Travis, Irvin and I carried out a randomized controlled trial among 732 indigenous women with microfinance loans in Oaxaca, what we call the Oaxaca Hope Project. More details on this experiment are available in a previous blog post, but I will summarize them here. Our intervention was created within the framework of the EDCC paper, and builds upon classic work in positive psychology by Synder (1994) which breaks down aspirational hope into goals, agency, and pathways. As such, some film-school students from Sacramento State University created a documentary on the four most successful women involved in the community banks of Fuentes Libres, a faith-based nonprofit operating through the Evangelical Covenant Church (Iglesia Evangelica del Pacto) in Oaxaca.  We also created very snazzy looking refrigerator magnets which contained inspirational Bible verses on the importance of goals, agency, and pathways (e.g. I can do all things through Him who gives me strength.)  And on these refrigerator magnets, women penned in sales and savings goals for their micro-enterprise.  Program personnel carried out a year-long curriculum on the importance of goal setting, realization of talents and capabilities, and helping women to conceptualize pathways out of poverty (by altering product, sales location, approach with customers, etc.) but this intervention eschewed any kind of formal business training, where the focus was entirely on the development of women’s spiritual lives and socio-emotional skills.

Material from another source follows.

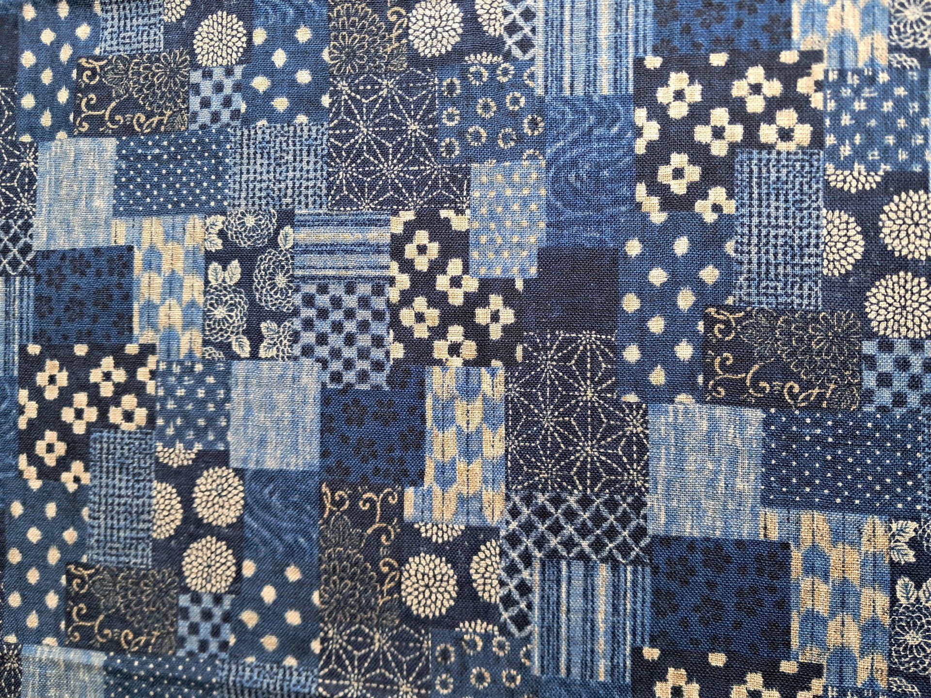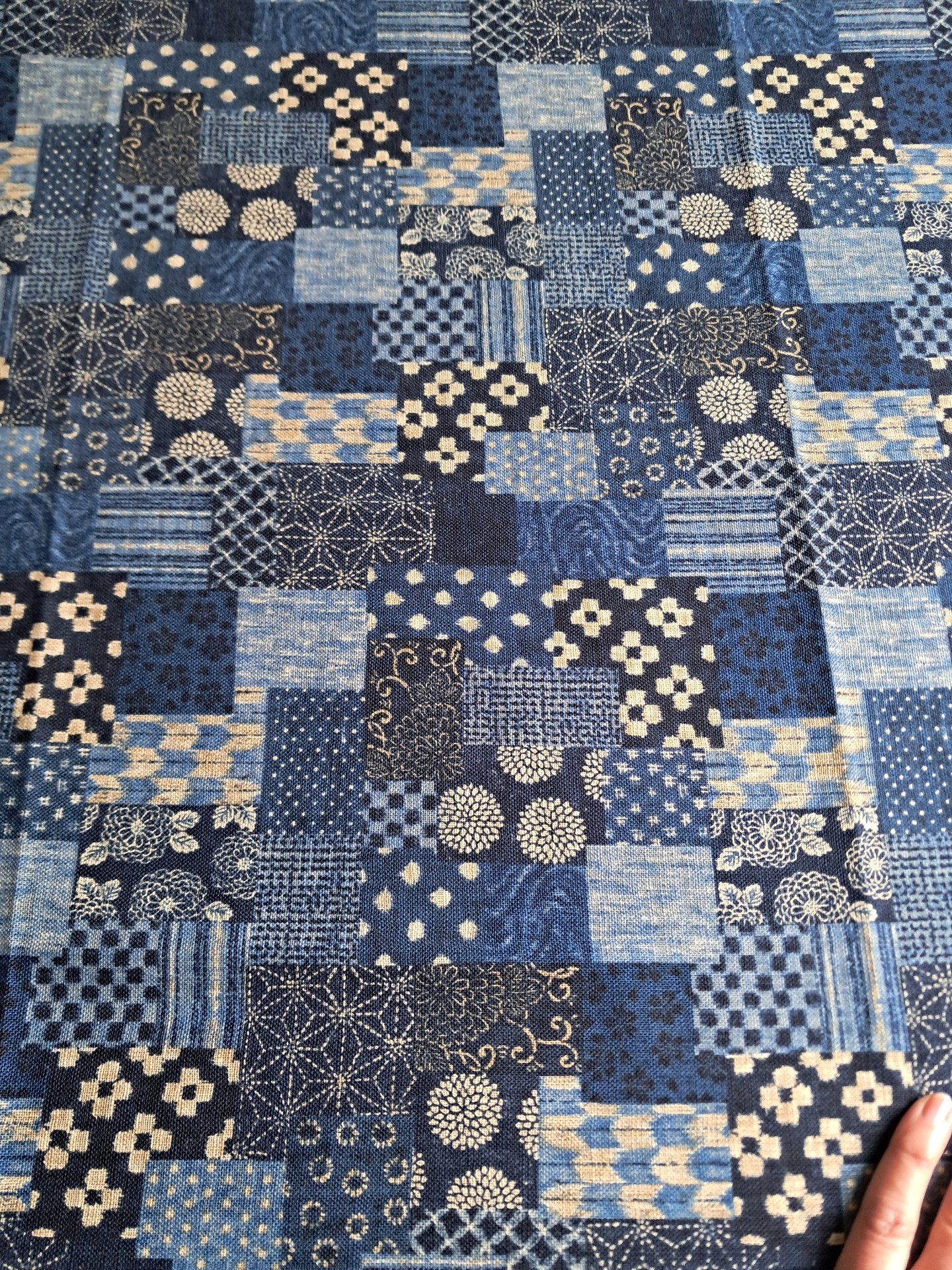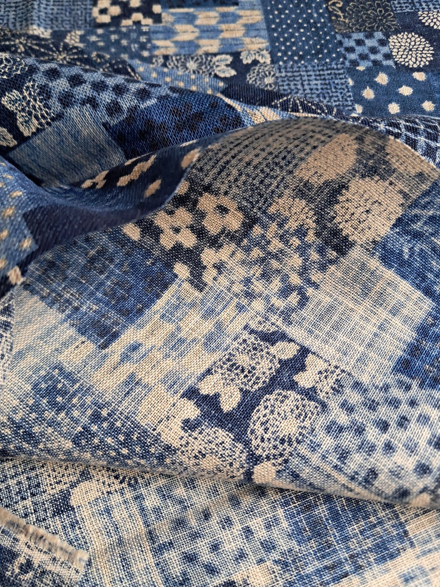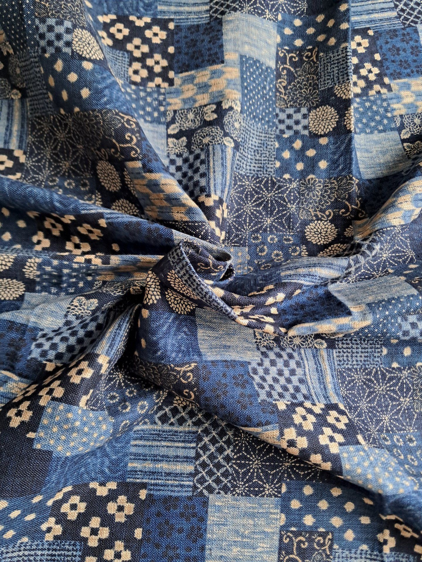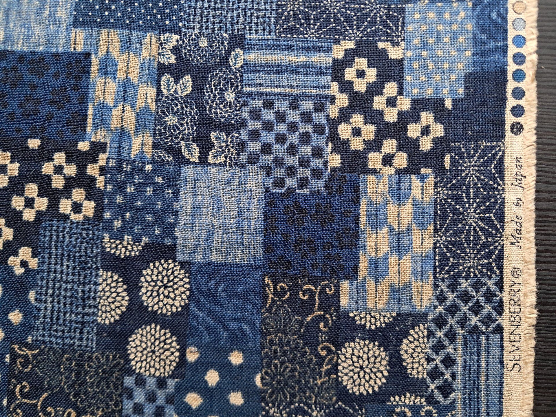 Joli tissu fabriqué au Japon de style Boro (patchwork) de la marque japonaise Sevenberry.

What we found 12 months after the intervention was that aspirations among women in treated community banks were about one-sixth of a standard deviation higher than women in the control group and similarly was an index of business performance. Only some of our psychological and business measures were individually statistically significant, but every one of them was positive. Profits and sales were higher, but not significantly different for treated women. Most of the impact on the business performance index related to new employees, where there were small but significant gains in employees for women in the treated groups and zero in the control groups.  And among treated women, there were much higher plans for new employees in the future.

We are obviously still at work here, but there are a few central themes that stand out to me from our research so far. First, internal constraints matter, and probably matter more than mainstream development economics ever thought they did, although certainly more research needs to be done to verify this claim. Second, some of the most effective interventions that help alleviate internal constraints may be very inexpensive, such as goalsetting. However, the most effective interventions are more expensive because they involve the long-term nurture of individuals.  And these are probably more effective when carried out with children. For example, the Compassion results on children are stronger than our results on adult women.  The FII intervention is stronger on teenagers than on adult entrepreneurs.  With adults, old patterns of thinking die hard. With children, there are no old patterns of thinking.

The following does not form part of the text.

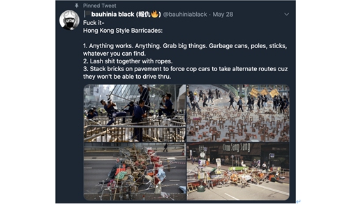 The Twitter account @hwaslintroller, who claims to be a user from Hong Kong, elaborated on tips, such as how to escape from police and offered advice on what to do after being arrested. Another Twitter user @bauhiniablack explained how to set up Hong Kong-style barricades with detailed instructions and diagrams.
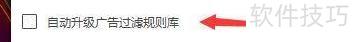 、 在设置界面中,开启自动更新广告过滤规则库选项。

Finally, the integrated, holistic model of human development is not just some pleasant-sounding, wishy-washy approach adopted by faith-based NGOs. Integrated development has teeth to it, to the extent that both faith-based and secular practitioners simultaneously addressing internal and external constraints are showing impacts are in many cases realizing impacts that are significantly greater than interventions focused on external constraints alone. I would love to see more productive collaborations between NGOs who are implementing, or who would like to implement, holistic, integrated development approaches and academics who would like to rigorously evaluate them.